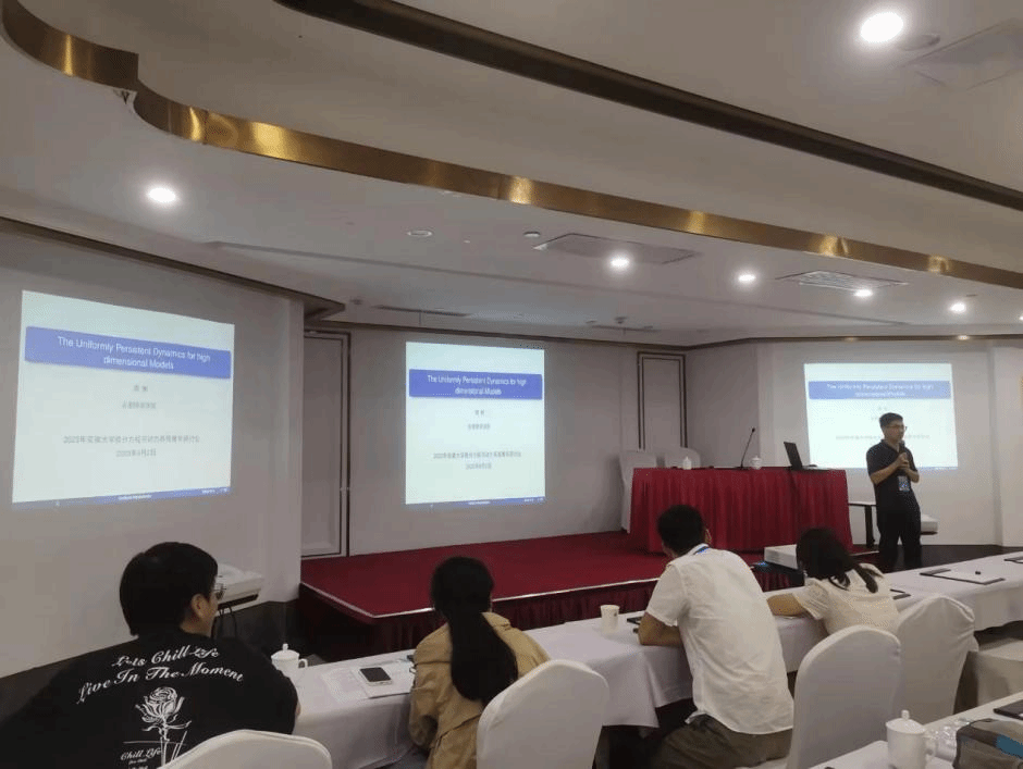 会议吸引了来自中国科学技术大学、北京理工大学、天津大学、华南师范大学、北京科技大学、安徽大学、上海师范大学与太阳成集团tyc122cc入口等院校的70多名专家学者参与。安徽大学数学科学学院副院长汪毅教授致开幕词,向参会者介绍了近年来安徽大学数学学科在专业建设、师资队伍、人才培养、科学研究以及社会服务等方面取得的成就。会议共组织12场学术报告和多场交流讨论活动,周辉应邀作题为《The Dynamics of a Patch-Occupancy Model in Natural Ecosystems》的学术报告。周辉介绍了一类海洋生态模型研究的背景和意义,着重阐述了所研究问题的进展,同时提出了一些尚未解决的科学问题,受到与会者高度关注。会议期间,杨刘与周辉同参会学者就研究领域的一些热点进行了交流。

* * *

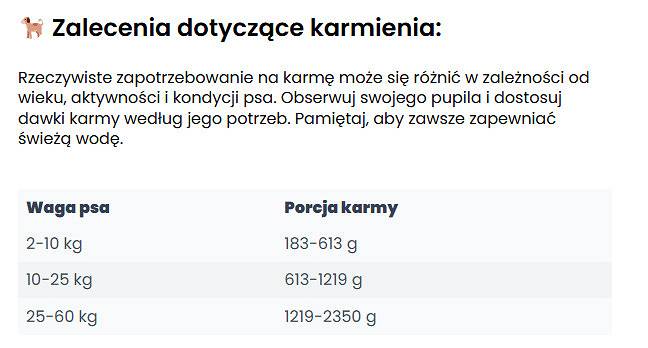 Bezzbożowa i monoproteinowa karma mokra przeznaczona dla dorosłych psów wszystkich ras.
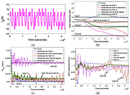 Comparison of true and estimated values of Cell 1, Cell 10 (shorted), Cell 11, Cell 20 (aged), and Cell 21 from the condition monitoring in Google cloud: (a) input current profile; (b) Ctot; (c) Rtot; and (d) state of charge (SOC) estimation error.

* [WHAT THIS TASK INVOLVES]:
The stretch above running from the line with "Bezzbożowa i monoproteinowa" through the line with "Comparison of true" is all you should copy, exactly, leaving out the pictures.

* [RESPONSE BOX]:
 Bezzbożowa i monoproteinowa karma mokra przeznaczona dla dorosłych psów wszystkich ras.
 Comparison of true and estimated values of Cell 1, Cell 10 (shorted), Cell 11, Cell 20 (aged), and Cell 21 from the condition monitoring in Google cloud: (a) input current profile; (b) Ctot; (c) Rtot; and (d) state of charge (SOC) estimation error.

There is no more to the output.